*** Data to use ***
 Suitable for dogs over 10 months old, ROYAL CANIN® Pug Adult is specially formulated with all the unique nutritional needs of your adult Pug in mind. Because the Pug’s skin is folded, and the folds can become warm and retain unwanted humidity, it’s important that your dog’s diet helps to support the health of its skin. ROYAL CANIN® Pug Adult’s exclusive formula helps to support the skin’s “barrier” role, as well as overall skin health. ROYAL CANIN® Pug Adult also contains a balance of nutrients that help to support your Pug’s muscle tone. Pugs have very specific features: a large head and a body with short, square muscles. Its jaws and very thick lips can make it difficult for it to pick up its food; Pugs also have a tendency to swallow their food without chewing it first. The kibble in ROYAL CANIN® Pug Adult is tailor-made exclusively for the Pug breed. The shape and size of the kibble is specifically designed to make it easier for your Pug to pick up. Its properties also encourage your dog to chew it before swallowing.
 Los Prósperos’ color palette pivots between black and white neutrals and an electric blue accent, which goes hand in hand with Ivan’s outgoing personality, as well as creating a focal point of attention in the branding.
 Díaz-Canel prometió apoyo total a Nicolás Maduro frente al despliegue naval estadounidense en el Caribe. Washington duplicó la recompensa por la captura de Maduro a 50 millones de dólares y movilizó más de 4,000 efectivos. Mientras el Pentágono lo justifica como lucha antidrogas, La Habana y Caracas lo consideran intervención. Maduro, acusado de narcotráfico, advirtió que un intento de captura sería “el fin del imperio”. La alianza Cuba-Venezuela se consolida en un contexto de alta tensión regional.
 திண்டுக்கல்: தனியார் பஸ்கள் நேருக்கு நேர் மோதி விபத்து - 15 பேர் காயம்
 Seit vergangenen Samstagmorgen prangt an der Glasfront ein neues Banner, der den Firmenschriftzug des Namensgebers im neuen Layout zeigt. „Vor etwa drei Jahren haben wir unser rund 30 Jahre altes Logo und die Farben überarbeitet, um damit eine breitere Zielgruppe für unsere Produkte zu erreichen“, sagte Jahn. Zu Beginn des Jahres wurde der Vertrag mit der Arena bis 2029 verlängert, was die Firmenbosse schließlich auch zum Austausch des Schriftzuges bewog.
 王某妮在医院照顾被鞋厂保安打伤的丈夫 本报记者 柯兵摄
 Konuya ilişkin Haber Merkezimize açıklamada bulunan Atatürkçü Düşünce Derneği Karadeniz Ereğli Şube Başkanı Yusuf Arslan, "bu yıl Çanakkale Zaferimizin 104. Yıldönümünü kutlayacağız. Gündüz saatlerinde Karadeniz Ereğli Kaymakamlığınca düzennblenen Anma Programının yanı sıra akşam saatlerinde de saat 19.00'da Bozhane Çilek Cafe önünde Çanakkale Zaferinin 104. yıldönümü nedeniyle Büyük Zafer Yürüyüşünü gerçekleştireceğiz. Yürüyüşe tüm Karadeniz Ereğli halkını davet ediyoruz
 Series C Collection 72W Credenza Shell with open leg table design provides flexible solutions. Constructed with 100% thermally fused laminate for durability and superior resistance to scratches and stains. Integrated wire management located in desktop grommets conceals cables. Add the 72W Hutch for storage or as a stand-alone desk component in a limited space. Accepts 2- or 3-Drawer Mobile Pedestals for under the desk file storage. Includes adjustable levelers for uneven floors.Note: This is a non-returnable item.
*** End of Data to use ***
*** Data to use ***
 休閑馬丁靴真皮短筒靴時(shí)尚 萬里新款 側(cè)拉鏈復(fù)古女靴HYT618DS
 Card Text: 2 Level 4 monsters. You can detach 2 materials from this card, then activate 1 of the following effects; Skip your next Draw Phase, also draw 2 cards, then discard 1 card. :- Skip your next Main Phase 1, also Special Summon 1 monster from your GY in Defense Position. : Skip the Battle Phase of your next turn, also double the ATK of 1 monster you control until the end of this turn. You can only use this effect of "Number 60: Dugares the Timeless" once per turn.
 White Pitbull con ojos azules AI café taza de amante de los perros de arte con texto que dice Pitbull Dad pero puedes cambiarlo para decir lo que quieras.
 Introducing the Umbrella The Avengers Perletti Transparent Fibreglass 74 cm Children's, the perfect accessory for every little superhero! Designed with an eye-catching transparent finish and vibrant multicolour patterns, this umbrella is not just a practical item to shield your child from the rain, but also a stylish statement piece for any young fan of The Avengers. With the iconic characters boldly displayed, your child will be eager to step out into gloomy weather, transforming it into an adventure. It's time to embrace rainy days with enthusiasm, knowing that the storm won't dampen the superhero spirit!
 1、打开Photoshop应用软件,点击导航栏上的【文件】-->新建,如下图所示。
*** End of Data to use ***
▶ [Your instructions]: The required output is every line above from the one with "Card Text: 2" down to the one with "1、打开Photoshop应", restated word for word, ends included.

▶ [Answer box]:
 Card Text: 2 Level 4 monsters. You can detach 2 materials from this card, then activate 1 of the following effects; Skip your next Draw Phase, also draw 2 cards, then discard 1 card. :- Skip your next Main Phase 1, also Special Summon 1 monster from your GY in Defense Position. : Skip the Battle Phase of your next turn, also double the ATK of 1 monster you control until the end of this turn. You can only use this effect of "Number 60: Dugares the Timeless" once per turn.
 White Pitbull con ojos azules AI café taza de amante de los perros de arte con texto que dice Pitbull Dad pero puedes cambiarlo para decir lo que quieras.
 Introducing the Umbrella The Avengers Perletti Transparent Fibreglass 74 cm Children's, the perfect accessory for every little superhero! Designed with an eye-catching transparent finish and vibrant multicolour patterns, this umbrella is not just a practical item to shield your child from the rain, but also a stylish statement piece for any young fan of The Avengers. With the iconic characters boldly displayed, your child will be eager to step out into gloomy weather, transforming it into an adventure. It's time to embrace rainy days with enthusiasm, knowing that the storm won't dampen the superhero spirit!
 1、打开Photoshop应用软件,点击导航栏上的【文件】-->新建,如下图所示。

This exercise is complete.